THE TASK: Please repeat, exactly and without pictures, the lines of the entries below that run from the one containing "Mac Duggal Satin" through the one containing "国内オフィス家具メーカー初(※1)海洋プ".

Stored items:

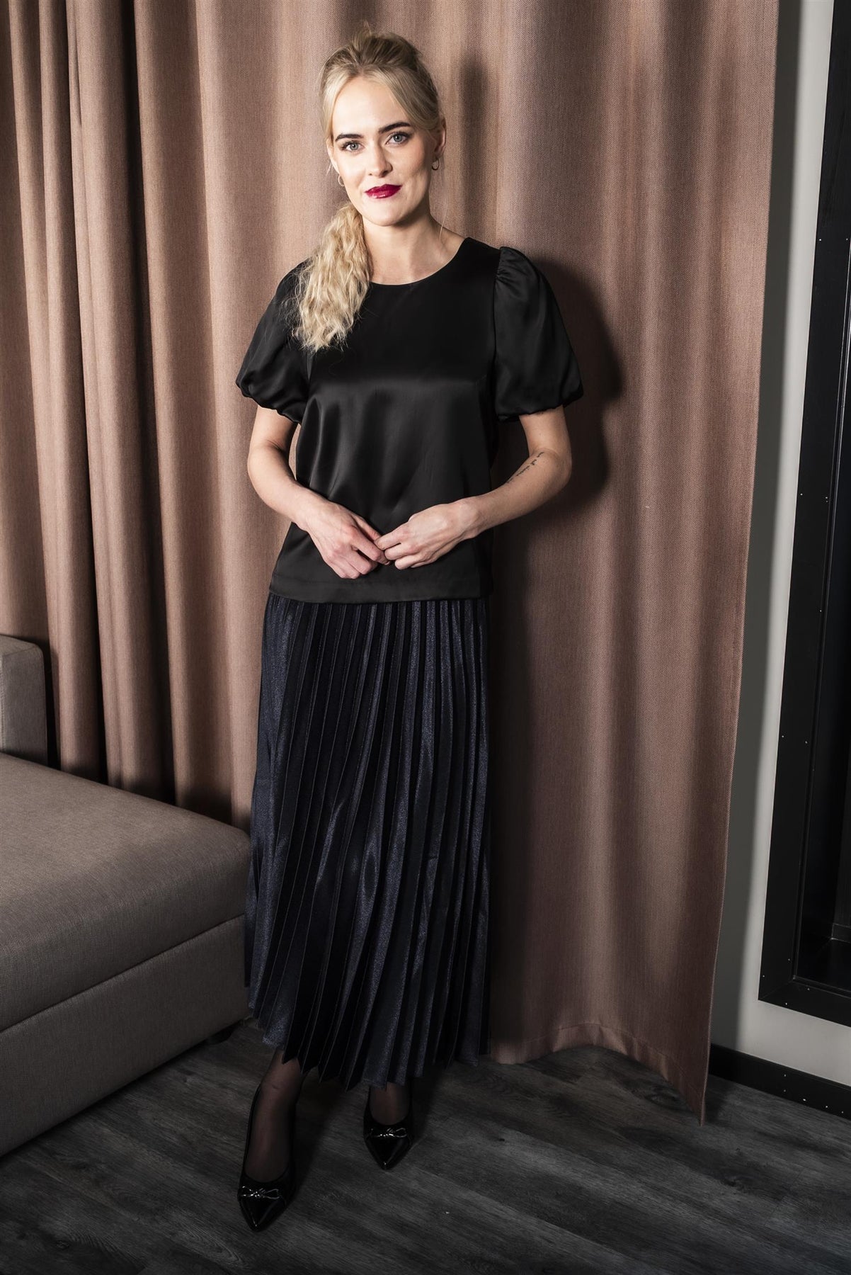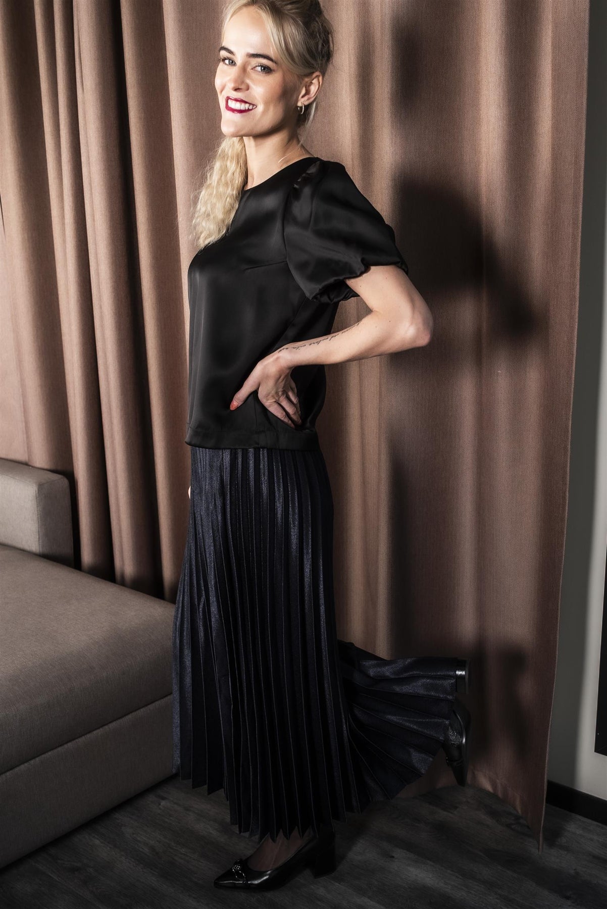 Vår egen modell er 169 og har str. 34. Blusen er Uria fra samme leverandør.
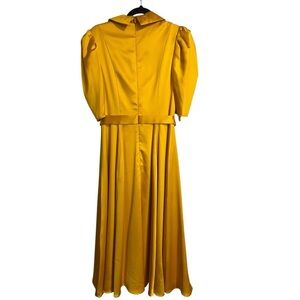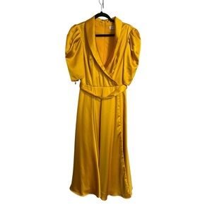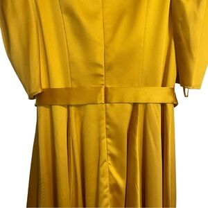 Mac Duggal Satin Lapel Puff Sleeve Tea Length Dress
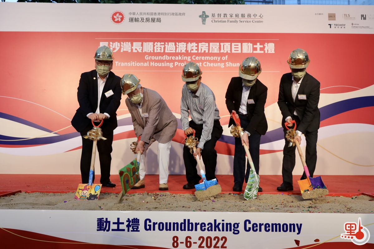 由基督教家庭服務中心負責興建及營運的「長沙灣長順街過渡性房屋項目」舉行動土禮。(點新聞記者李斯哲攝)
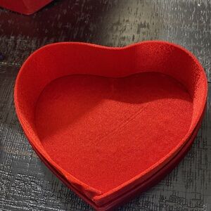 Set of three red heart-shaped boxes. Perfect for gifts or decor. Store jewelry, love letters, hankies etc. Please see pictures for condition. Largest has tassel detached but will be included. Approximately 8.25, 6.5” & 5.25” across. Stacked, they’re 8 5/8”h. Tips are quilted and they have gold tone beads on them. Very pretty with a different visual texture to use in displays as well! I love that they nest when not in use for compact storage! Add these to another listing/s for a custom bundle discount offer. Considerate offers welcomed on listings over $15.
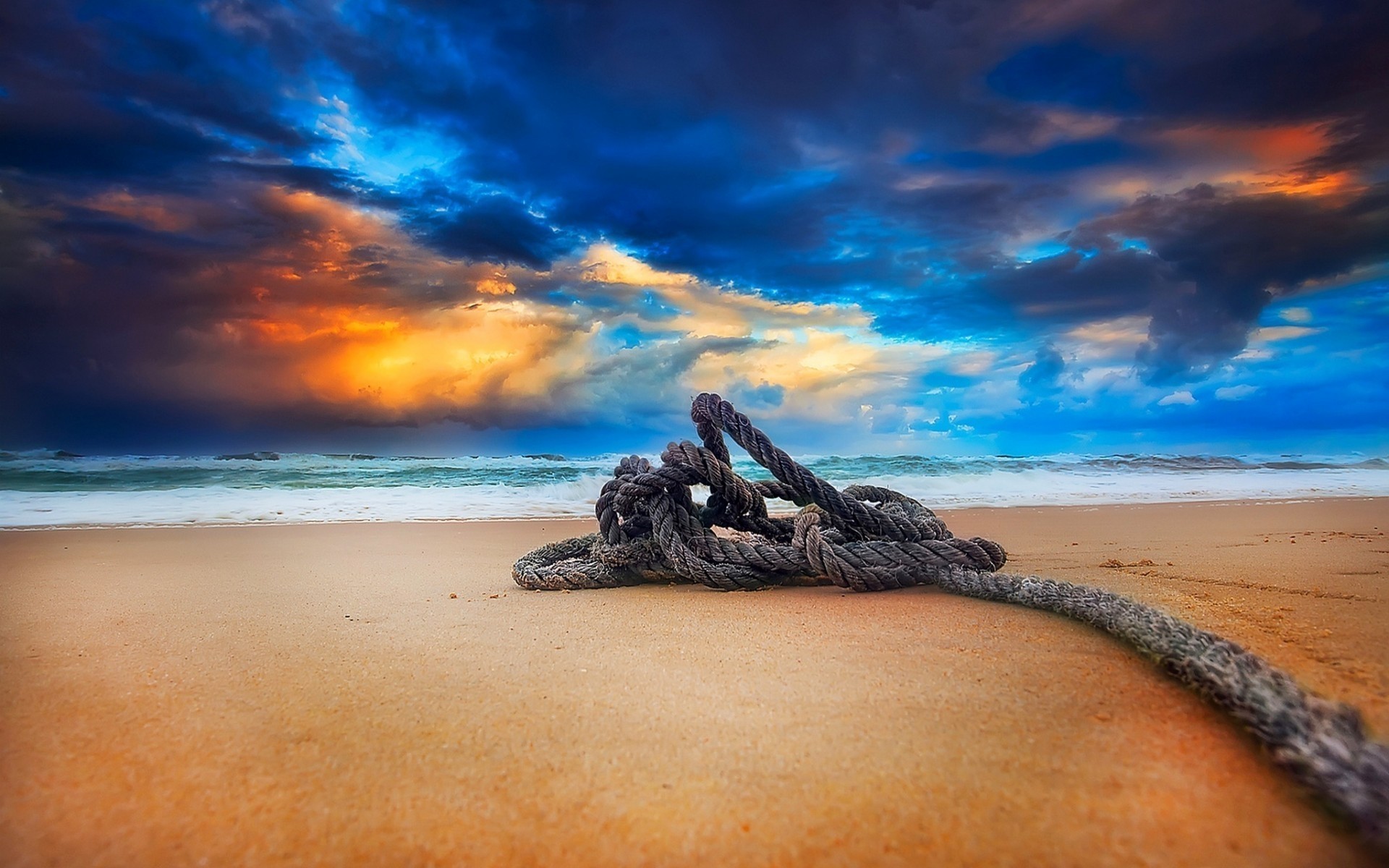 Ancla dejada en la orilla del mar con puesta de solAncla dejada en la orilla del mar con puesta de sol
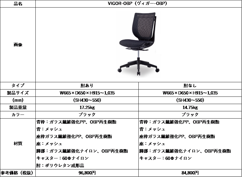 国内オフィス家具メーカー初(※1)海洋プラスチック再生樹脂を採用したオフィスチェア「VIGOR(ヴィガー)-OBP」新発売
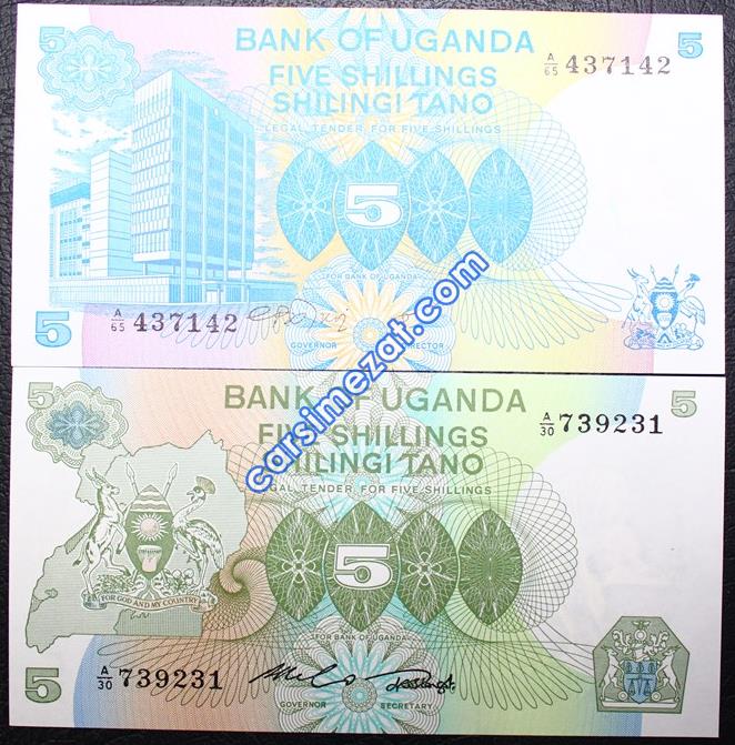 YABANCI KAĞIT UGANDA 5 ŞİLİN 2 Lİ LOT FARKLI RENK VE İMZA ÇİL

EXERCISE ANSWER:
 Mac Duggal Satin Lapel Puff Sleeve Tea Length Dress
 由基督教家庭服務中心負責興建及營運的「長沙灣長順街過渡性房屋項目」舉行動土禮。(點新聞記者李斯哲攝)
 Set of three red heart-shaped boxes. Perfect for gifts or decor. Store jewelry, love letters, hankies etc. Please see pictures for condition. Largest has tassel detached but will be included. Approximately 8.25, 6.5” & 5.25” across. Stacked, they’re 8 5/8”h. Tips are quilted and they have gold tone beads on them. Very pretty with a different visual texture to use in displays as well! I love that they nest when not in use for compact storage! Add these to another listing/s for a custom bundle discount offer. Considerate offers welcomed on listings over $15.
 Ancla dejada en la orilla del mar con puesta de solAncla dejada en la orilla del mar con puesta de sol
 国内オフィス家具メーカー初(※1)海洋プラスチック再生樹脂を採用したオフィスチェア「VIGOR(ヴィガー)-OBP」新発売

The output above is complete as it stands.